AB: Dans la perspective du droit constitutionnel, et compte tenu des litiges portés devant les tribunaux, dans quelle mesure le gouvernement pourra-t-il, à votre avis, maintenir sa position à moyenne ou longue échéance?
RL: Il y a de très bons arguments constitutionnels qui seront un jour ou l’autre portés à l’attention des tribunaux. Le gouvernement a invoqué la clause « nonobstant » de la Charte canadienne et la clause analogue de la Charte des droits et libertés de la personne du Québec pour mettre la loi à l’abri de certaines attaques. Mais je pense qu’il y a des arguments fondamentaux qui auront un certain retentissement lorsqu’ils seront présentés à un juge. La Charte canadienne et la clause « nonobstant » n’épuisent pas les principes fondamentaux de la constitution canadienne et je crois que le gouvernement peinera à s’y opposer. En adoptant la loi à la hâte avant la pause estivale il y a un an, le gouvernement espérait mettre fin au débat. À mon avis, ils vont bientôt découvrir qu’il n’en est rien.
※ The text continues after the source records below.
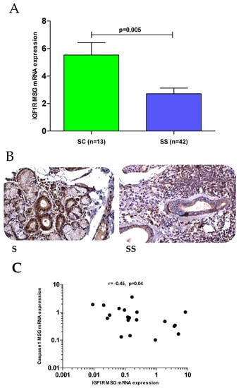 IGF1R mRNA (measured by real-time PCR) and immunohistochemical expression in SC vs. SS patients. (A) IGF1R transcript levels were significantly lower in MSG tissues derived from SS patients compared to SCs (2.7 ± 2.7 vs. 5.5 ± 3.2, p = 0.005). (B) Representative images depicting reduced IGF1R immunohistochemical expression in salivary ducts and acini of MSG tissue sections from a patient with SS compared to SCs (40×). (C) Negative correlation between IGF1R transcripts caspase 1 mRNA expression in MSGs derived from SS patients (r = −0.45, p = 0.04). SS: Sjogren’s syndrome; MSG: minor salivary gland; IGF1R: insulin growth factor receptor 1; r: Spearman’s correlation.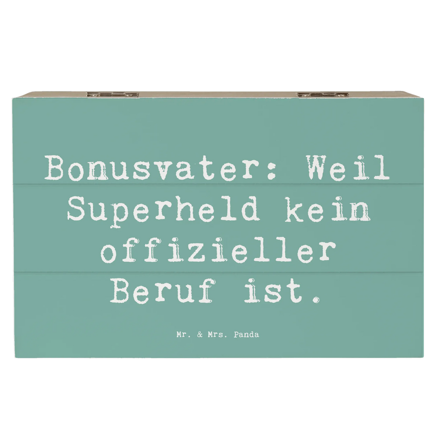 Suchst Du das perfekte Geschenk für Deinen Bonusvater? Dann ist die wunderschöne Holzkiste von Mr. & Mrs. Panda genau das Richtige! Mit dem liebevollen Spruch "Bonusvater: Weil Superheld kein offizieller Beruf ist." wird diese Kiste zu einem ganz besonderen Aufbewahrungsort für all die kleinen Schätze und Erinnerungen, die Ihr zusammen teilt.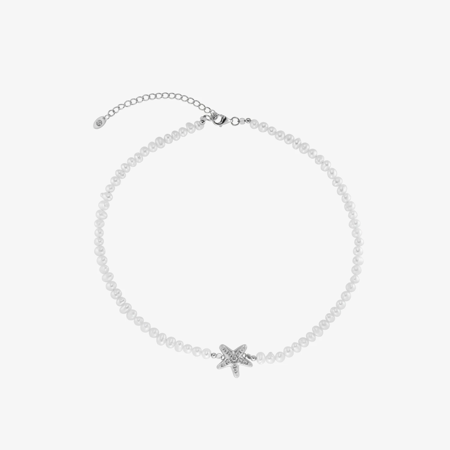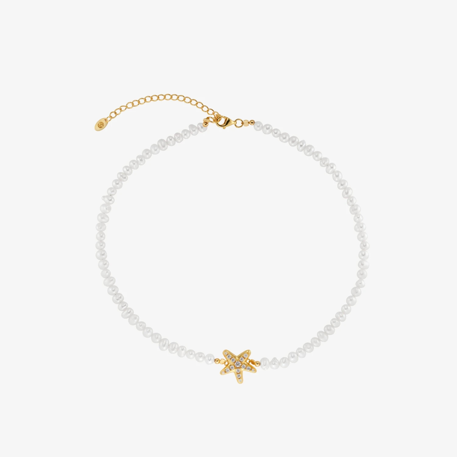Collier de perles de culture ras de cou accompagnée d’une petite étoile de mer. 🐚✨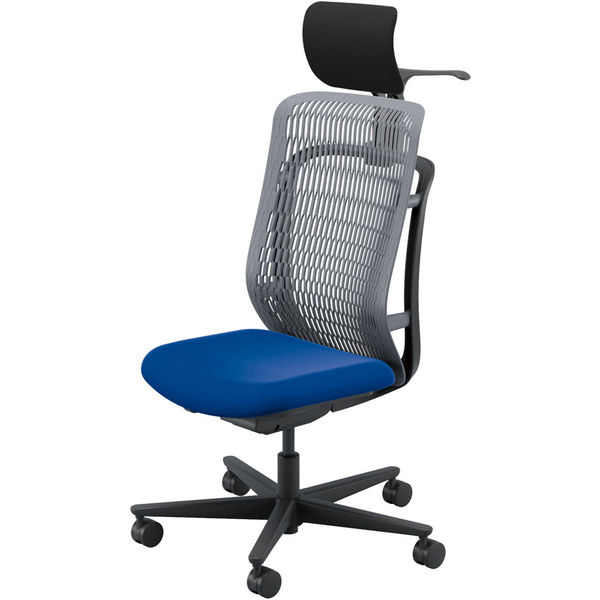 【組立設置込】内田洋行 AJチェア ヘッドレスト付 ハンガー付 肘無し ウレタンキャスター Sグレー×ブルー 53726044 1脚(直送品)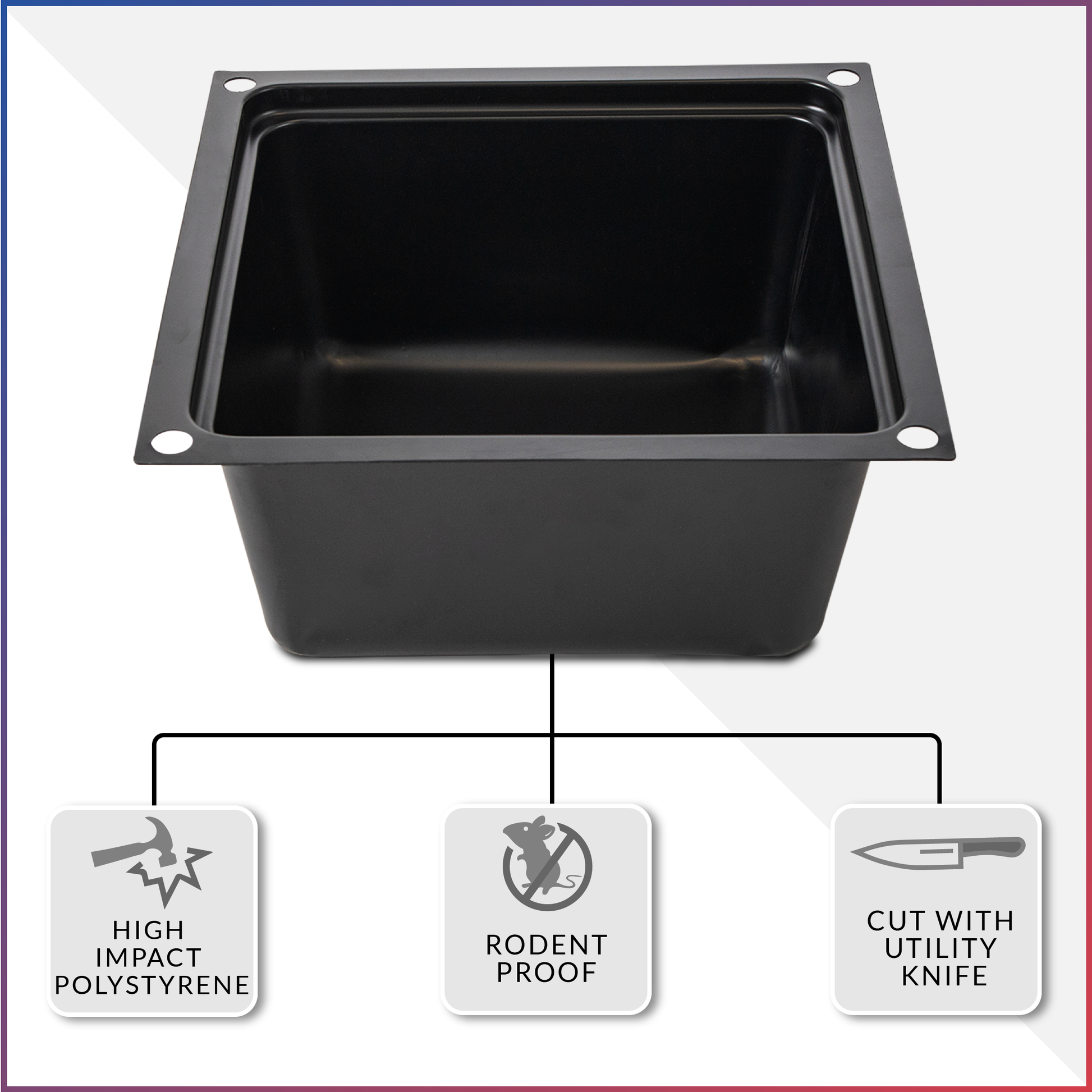 Deep Black plastic utility tub ID 13" x 13" x 7", OD 15"x15"x7" for in cavity setting or general use (12-pk)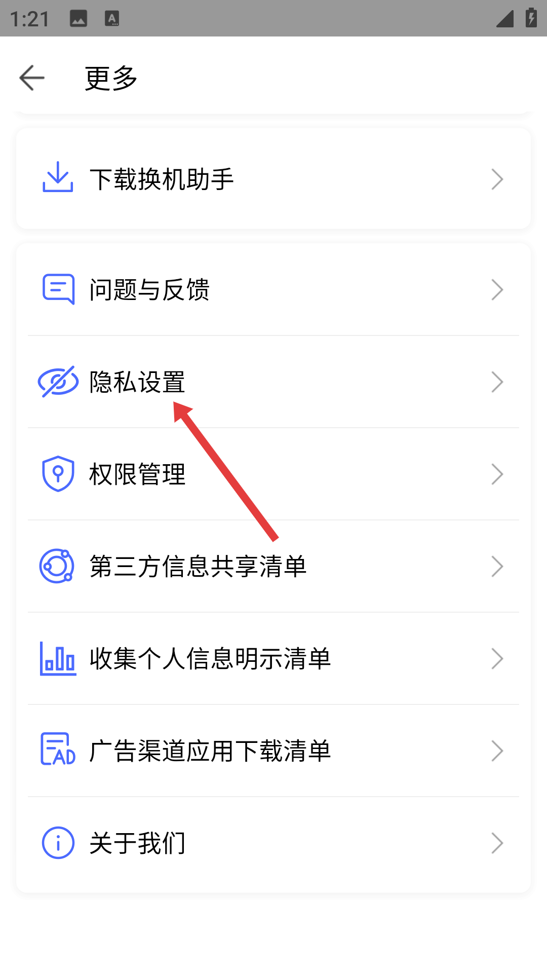 2、在更多功能頁面找到隱私設(shè)置選項并點擊,進(jìn)入隱私配置中心,該界面集中管理個人信息、廣告推薦等隱私相關(guān)內(nèi)容,為精準(zhǔn)調(diào)整廣告推送提供操作路徑。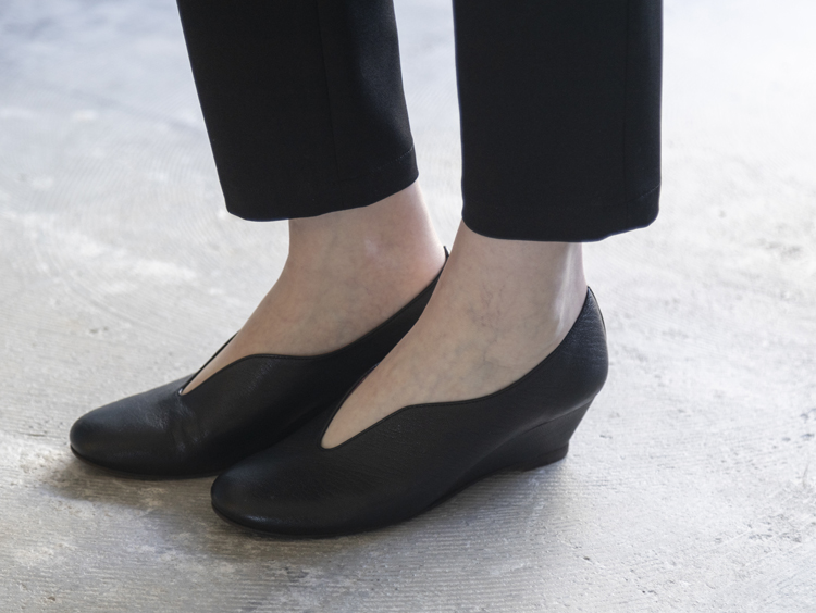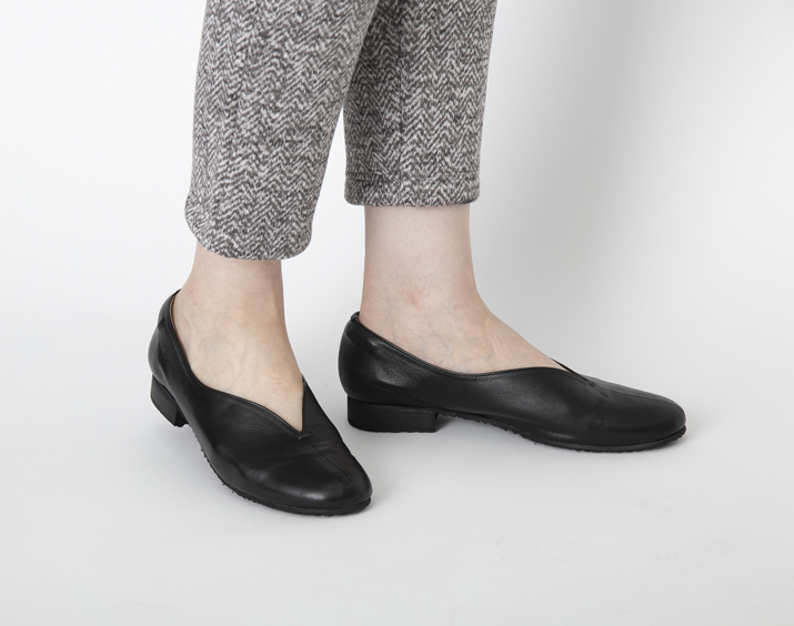 最後にご紹介するのは、アッパーがV字にカットされたカンフーパンプス。革が柔らかいので足の形に沿って馴染み、さらに内側に入っているカマボコ型クッションのおかげで踵抜けしません。また、つま先の内側には足が痛くならないようスポンジを内蔵。パンプスのストレスを払拭してくれる設計です。

L’année dernière, il était trop tôt pour déterminer si la loi pouvait causer un préjudice, (mais) il ne fait aucun doute que les plaignants sont en train de recueillir des preuves à ce sujet. Il est clair que la loi a privé des gens de leur emploi. Elle a des répercussions, et pas seulement auprès des musulmans. Les plaignants d’une des poursuites sont des catholiques à qui la loi interdit de manifester leur foi selon les modalités de leur choix.
AB: Il a été plusieurs fois question de la loi sur le sécularisme lors de la campagne électorale l’an dernier. Le Premier ministre Legault et le ministre qui a déposé et défendu le projet de loi 21 à l’Assemblée nationale ont tous deux déclaré que le reste du Canada et les autorités fédérales n’avaient rien à dire sur cette question. S’agit-il là d’une position valable que le gouvernement du Québec peut adopter? Est-ce que le reste du Canada a voix au chapitre? Les dirigeants politiques fédéraux devraient-ils intervenir auprès des tribunaux?
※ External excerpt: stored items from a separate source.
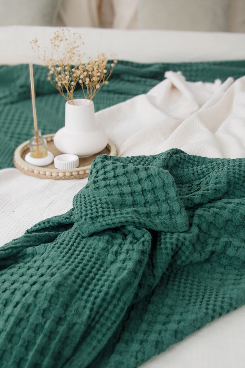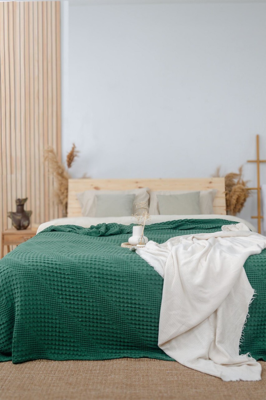 Cuvertură de pat King, L'essentiel Maison, Joanna, Bumbac, Verde inchis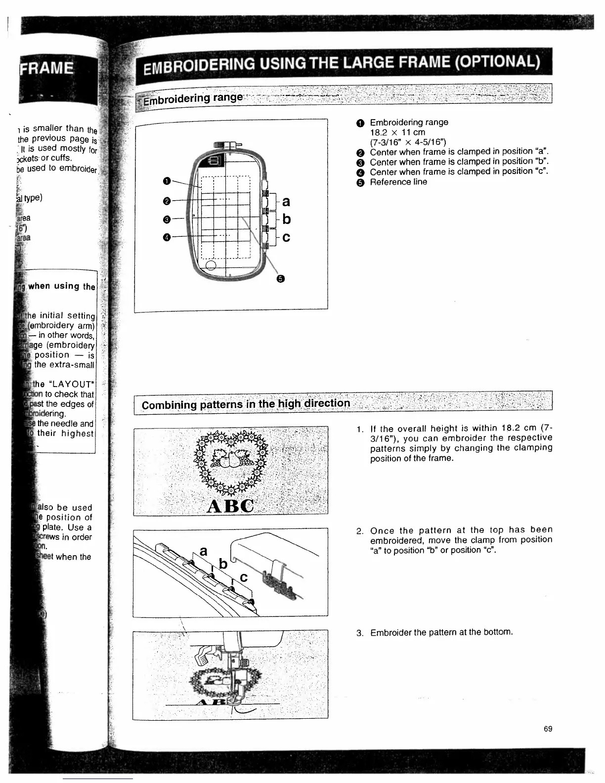Bernina Deco 650 - Embroidering Using the Large Frame (Optional); Embroidering Range; Combining Patterns in the High Direction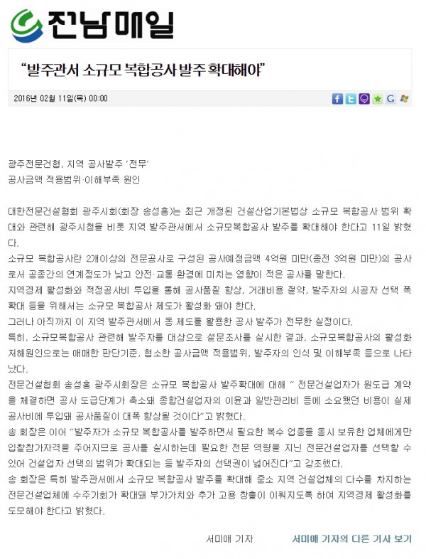 “발주관서 소규모 복합공사 발주 확대해야” (전남매일)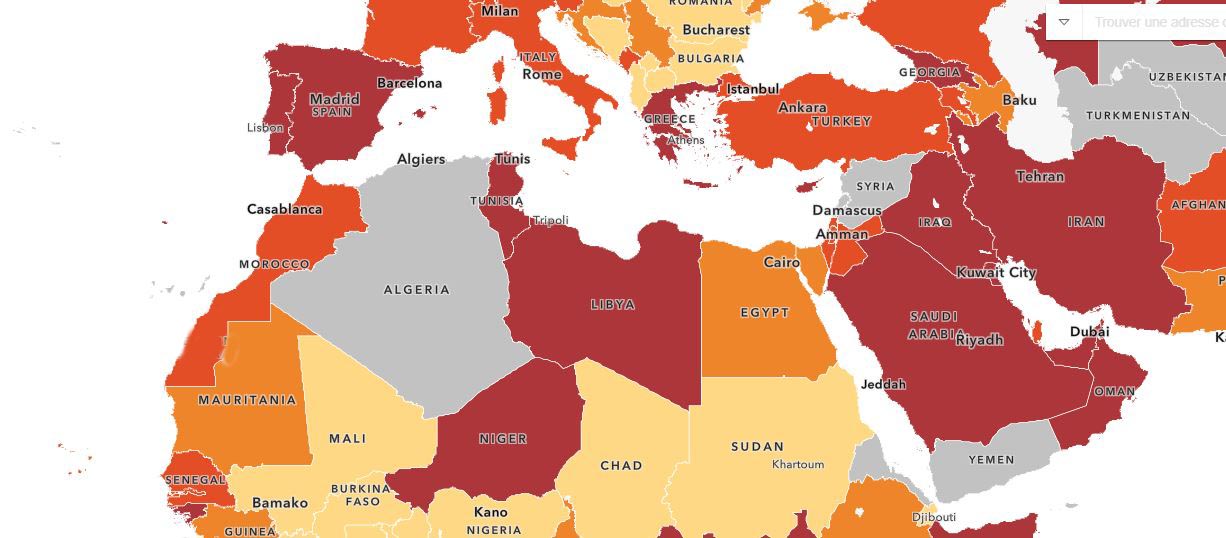 وفي المقابل، وضع المركز عددا من بلدان المنطقة ضمن الفئة الرابعة ذات الخطورة المرتفعة جدا، من بينها ليبيا وتونس، والمملكة العربية السعودية، والكويت، وإيران والعراق، والبحرين، إضافة إلى كل من إسبانيا، وجنوب إفريقيا، والبرتغال، وهولندا.

RL: Je crois que l’argument du Québec selon lequel aucune instance extérieure au gouvernement provincial n’a de voix au chapitre sur cette question est très problématique. Ce que j’entends par là, c’est qu’il y a des questions fondamentales concernant la constitution canadienne qui sont en jeu, notamment la relation entre la Charte et les autres parties de la constitution, et d’autres parties du cadre constitutionnel. Le Québec ne manque pas d’intervenir dans des litiges ailleurs au pays lorsqu’il estime avoir un intérêt dans une décision constitutionnelle. Le Québec est intervenu dans le litige sur la taxe carbone en dehors de son territoire parce qu’il se soucie de la façon dont les tribunaux interprètent la constitution. Dire que le gouvernement fédéral ou les autres provinces n’ont aucun intérêt dans la conception de la Charte canadienne ou dans la clause « nonobstant » n’a aucun sens et c’est même contraire à la façon dont le Québec agit.
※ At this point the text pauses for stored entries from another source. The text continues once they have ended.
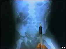 據英國廣播公司報道,男孩的母親把他送到醫院之后,醫生經由X光片發現男孩體內有多支長達兩英寸(約5公分)的縫衣針。其中一支縫衣針還進入了男孩的肺部。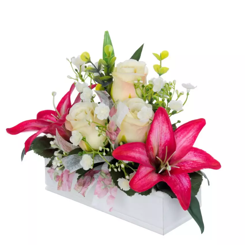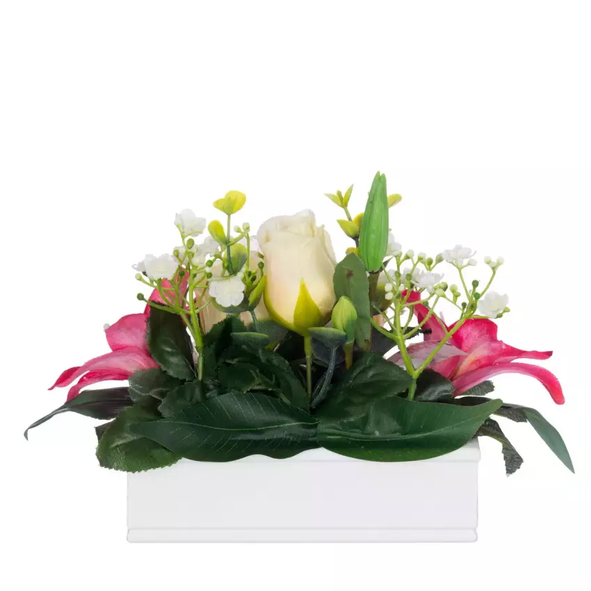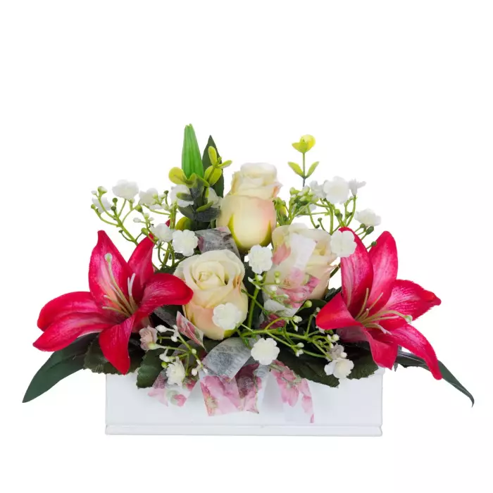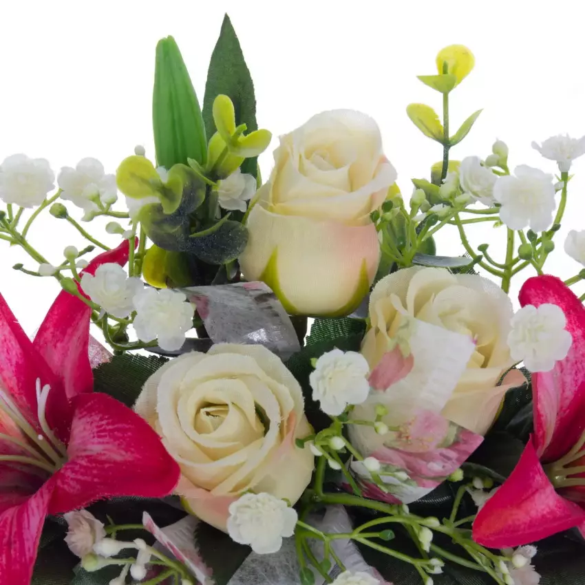 Jardinera cementerio flores artificiales rosas y lilums blanco 17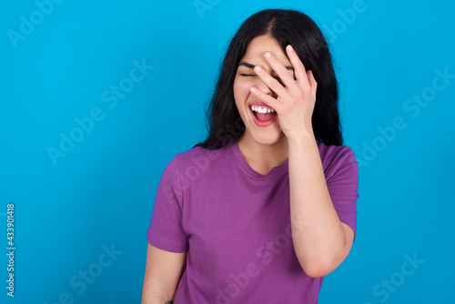 Charismatic carefree joyful young beautiful tattooed girl wearing purple t-shirt likes laugh out loud not hiding emotions giggling hear funny hilarious joke chuckling facepalm.

Les critiques externes au Québec visant des jugements politiques exercés au Québec sont une source d’irritation, mais il ne saurait y avoir aucun doute quant à la validité de leur intervention dans des litiges portant sur des questions constitutionnelles. D’autres acteurs concernés par la constitution ont des intérêts en jeu. Il importe de se rappeler que les gens qui sont affectés par cette loi sont non seulement des résidents du Québec, mais aussi des citoyens canadiens. Ils possèdent certains droits.
AB: Manifestement, le débat n’est pas clos.